Directions: Retrieve each line that contains the word "sind" from the entries below.

Data supplied:
# # # # # # #

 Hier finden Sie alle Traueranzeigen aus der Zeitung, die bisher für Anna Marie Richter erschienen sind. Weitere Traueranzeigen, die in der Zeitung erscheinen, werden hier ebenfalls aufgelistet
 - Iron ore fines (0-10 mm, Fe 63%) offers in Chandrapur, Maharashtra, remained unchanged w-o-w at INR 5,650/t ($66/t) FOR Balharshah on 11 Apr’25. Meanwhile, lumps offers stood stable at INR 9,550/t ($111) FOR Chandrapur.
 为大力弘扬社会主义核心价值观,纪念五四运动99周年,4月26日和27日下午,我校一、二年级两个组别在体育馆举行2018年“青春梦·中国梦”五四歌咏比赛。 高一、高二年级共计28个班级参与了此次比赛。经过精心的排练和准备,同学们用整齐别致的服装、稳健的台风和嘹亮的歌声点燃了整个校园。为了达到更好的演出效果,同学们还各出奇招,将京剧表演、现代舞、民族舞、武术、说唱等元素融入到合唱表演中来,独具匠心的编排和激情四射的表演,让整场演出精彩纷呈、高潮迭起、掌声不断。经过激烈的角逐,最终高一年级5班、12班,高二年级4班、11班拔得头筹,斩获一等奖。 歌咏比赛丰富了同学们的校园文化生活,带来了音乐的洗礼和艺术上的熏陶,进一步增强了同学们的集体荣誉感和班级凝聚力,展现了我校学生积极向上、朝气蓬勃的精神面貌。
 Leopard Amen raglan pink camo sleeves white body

# # # # # # #

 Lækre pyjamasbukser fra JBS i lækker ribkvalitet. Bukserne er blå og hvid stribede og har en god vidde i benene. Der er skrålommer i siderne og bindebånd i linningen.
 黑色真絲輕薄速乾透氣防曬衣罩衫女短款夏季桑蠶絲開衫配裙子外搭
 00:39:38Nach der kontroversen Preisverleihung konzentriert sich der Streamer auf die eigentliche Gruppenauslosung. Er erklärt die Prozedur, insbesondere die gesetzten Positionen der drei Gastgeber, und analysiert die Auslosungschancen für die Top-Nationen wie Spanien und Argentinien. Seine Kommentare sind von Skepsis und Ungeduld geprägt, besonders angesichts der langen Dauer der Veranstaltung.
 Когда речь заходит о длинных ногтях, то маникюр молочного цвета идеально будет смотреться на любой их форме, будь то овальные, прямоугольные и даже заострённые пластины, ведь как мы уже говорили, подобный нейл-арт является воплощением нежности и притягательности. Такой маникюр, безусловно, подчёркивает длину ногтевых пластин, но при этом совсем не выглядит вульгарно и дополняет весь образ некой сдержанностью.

# # # # # # #

Response to this task:
 Hier finden Sie alle Traueranzeigen aus der Zeitung, die bisher für Anna Marie Richter erschienen sind. Weitere Traueranzeigen, die in der Zeitung erscheinen, werden hier ebenfalls aufgelistet
 00:39:38Nach der kontroversen Preisverleihung konzentriert sich der Streamer auf die eigentliche Gruppenauslosung. Er erklärt die Prozedur, insbesondere die gesetzten Positionen der drei Gastgeber, und analysiert die Auslosungschancen für die Top-Nationen wie Spanien und Argentinien. Seine Kommentare sind von Skepsis und Ungeduld geprägt, besonders angesichts der langen Dauer der Veranstaltung.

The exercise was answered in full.